Monday, May 18, 2015

Might campaign volunteers do more harm than good?


Political scientist Seth Masket discusses a paper about electoral organizing that asks an interesting question:

... could some volunteers actually end up hurting the campaign?

....It's hard to beat the sophistication with which modern campaigns match an ad to its intended target. ...But it's an entirely different story when it comes to recruiting campaign volunteers. Campaigns can't build canvassers the way they can manufacture television ads; they're dependent on the available pool of local volunteers. Who actually volunteers to give up their time to walk precincts and knock on doors in the weeks prior to an election? It's really not your average American. It's hard enough to get the average American to vote in most elections.

... those who will actually offer their labor tend to be somewhat wealthier, whiter, more educated, and more liberal than the electorate as a whole. ... What's more, the volunteers often aren't from the same area to which they're being deployed. ... [this] means that these volunteers will be canvassing in neighborhoods where nobody knows them and in which they don't know any of the local customs or cultural touch-points.

He goes on to point out the tough fact: even wildly successful door to door campaigns only move the needle in elections a percentage point or maybe two. So if there is a risk that mismatched canvassers can deliver a "wrong" or unwelcome message, is it worth recruiting and sending them out?
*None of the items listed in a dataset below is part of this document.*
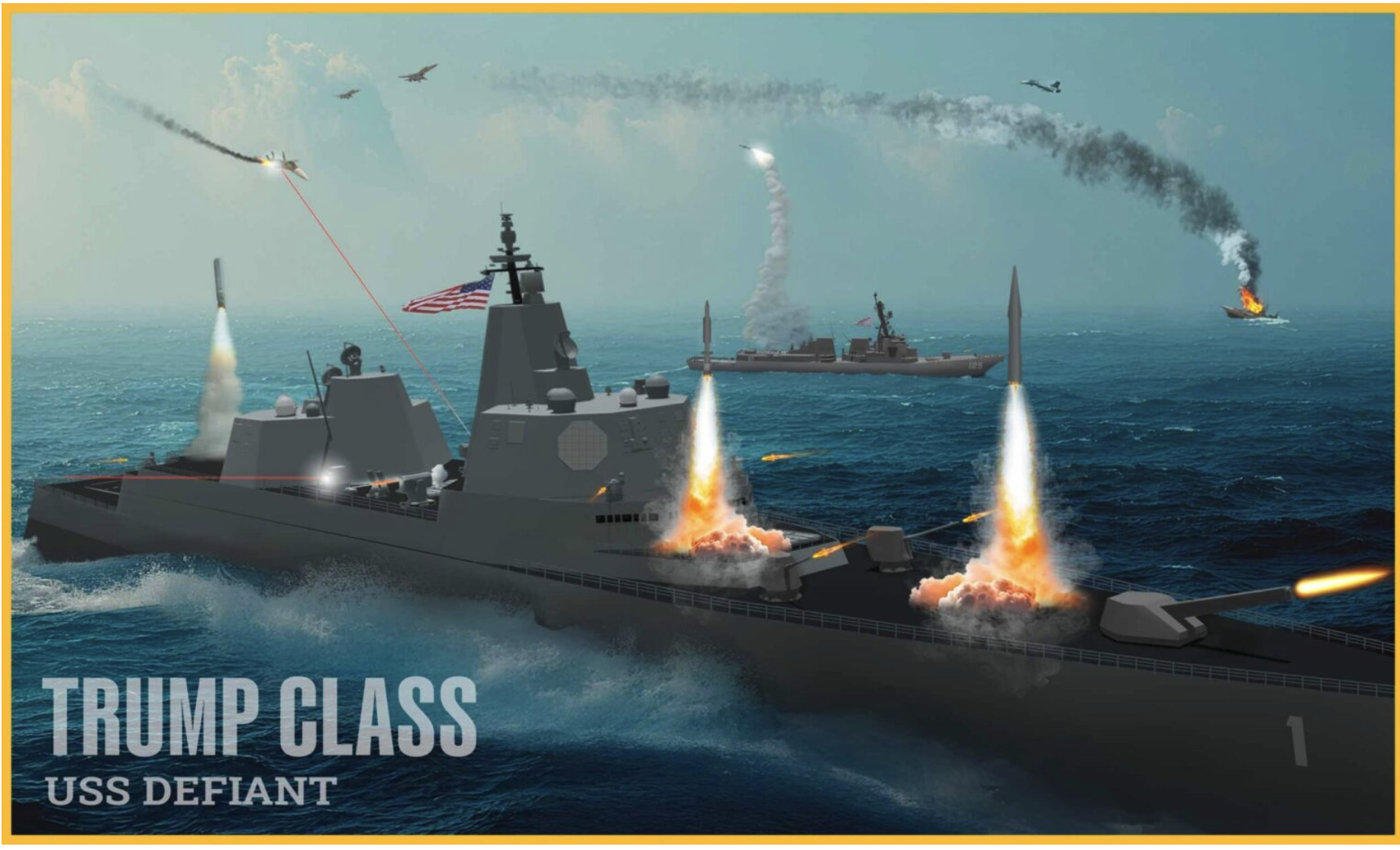 The first vessel, USS Defiant (BBG-1), would inaugurate what the navy is calling the Trump class battleship, envisioned as a ship that would be capable of distributing more firepower across naval formations than any existing class of warship.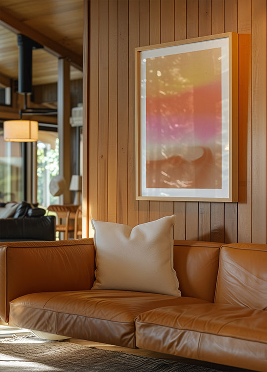 Diese verträumte abstrakte Landschaft von Dina Dankers vereint Dünen, Felder und Himmel in samtigen Streifen aus Pastell und Neon. Sandfarbene Beigetöne verschmelzen mit leuchtendem Orange und Zitronengelb, ein ruhiger Horizont leuchtet vor einem sanften, leuchtenden Himmel – minimalistisch, modern und unwiderstehlich transportierend. Hinweise auf einen fernen Weg laden zum Innehalten und Lassen ein.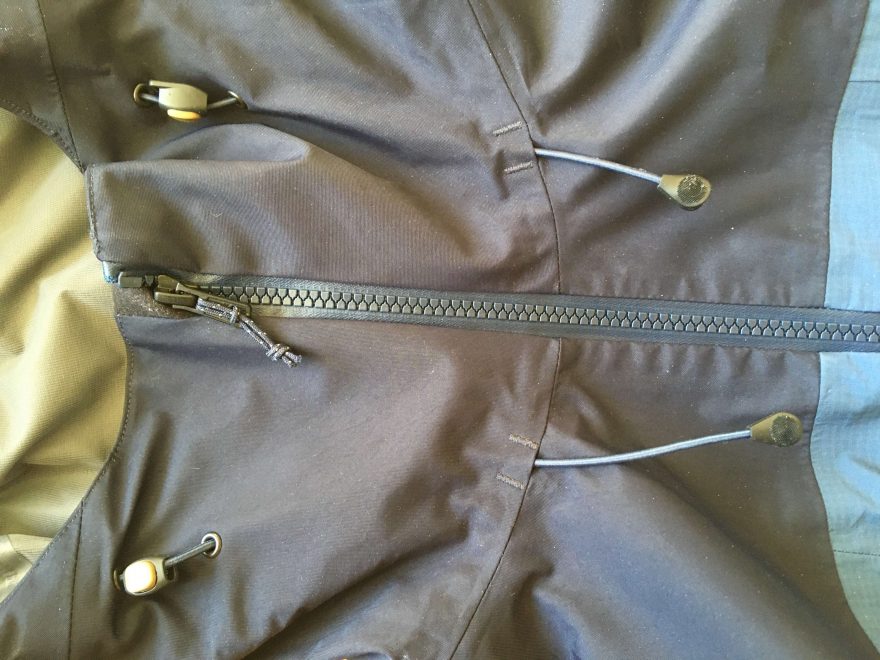 Detail samosvorného stahování kapuce s poutkem na zavěšení

My decades of working in campaigns suggest a number of thoughts.
  • Better "data" -- better information about who the potential supporters on voter lists are -- has enabled more sophisticated messaging. But this stuff is still not all that sophisticated. Maybe you'll succeed in targeting Cantonese or Spanish communications to household where someone speaks the language, but often you'll get it wrong or the non-English language is not the preferred mode of communication by voters in the household. Maybe you'll remind a church goer of why the teachings of their faith support your position; but maybe such reminders merely annoy them because Father is so pushy with the kids. Appropriate, appealing messaging isn't easy.
  • As current rules increasingly encourage people with money to burn to play in campaigns, voters are deluged in propaganda -- mailers, robocalls, TV ads. They become immune to most of it. The consultants who order, design, and produce the various ads make out like bandits; the candidate or cause, not so much so.
  • Academic research has given us a pretty clear idea of the only people-intensive tactics that have any impact on overcoming inertia among most non-habitual voters. Door knocking can work; less so, but still sometimes worthwhile, are phone calls (especially before harassed targets start refusing to answer.) Both are much more effective when the campaign volunteers and operatives doing them are neighbors of the targets. But how to talk with voters can be taught, if campaigns can use their polling to condense their messages to simple points and then invest the time to train volunteers to use them, including practice. Volunteers need to internalize the important points, beyond just reading a script. This is possible (if you have a sensible message to deliver) but it takes effort and time.
  • Because all this is hard and expensive, the temptation is for campaigns to avoid the messy business of attracting and training volunteers. Why not just depend on ads and perhaps a few paid canvassers? I think this is a mistake. Campaign organizers should think of the volunteer program as a kind of message delivery which operates on a different level than other communications. Every volunteer you turn out is embedded in a social network. Phone programs using Facebook data can help you call through targeted voters' social networks; every individual you recruit introduces you into his/her social network directly. Even if you get the wrong people to send to particular doors, you spread the campaign simply by drawing in individuals to help.
  • What to do with people who seem to be the "wrong" messengers? Remember that some of them will do fine if trained. Yes it takes smarts and tact to figure this out. Some volunteers can do this, by the way. Put others to work on something besides door-knocking. Use them to drive the right messengers who are knocking on the doors to their targets and to deliver water and refreshments. Send them out to beg stores for the refreshments. If really stuck, use them to wave signs strategically (there's no evidence this gets out your vote, but it seldom does harm.) And make them into recruiters of yet more volunteers on the phones. Every volunteer is worthwhile, because the sheer volume of volunteer activity moves your campaign deeper into the real world social networks of communities.
It's easy to get sick of the permanent campaigns into which U.S. democracy has devolved. With all the money, glitz, and phony posturing, it can be actually repulsive. But democracy only works when people participate in it. We can make it possible for people to do that well and effectively.

1 comment:

Hattie said...

Good thoughts here. Local connections are what's most important.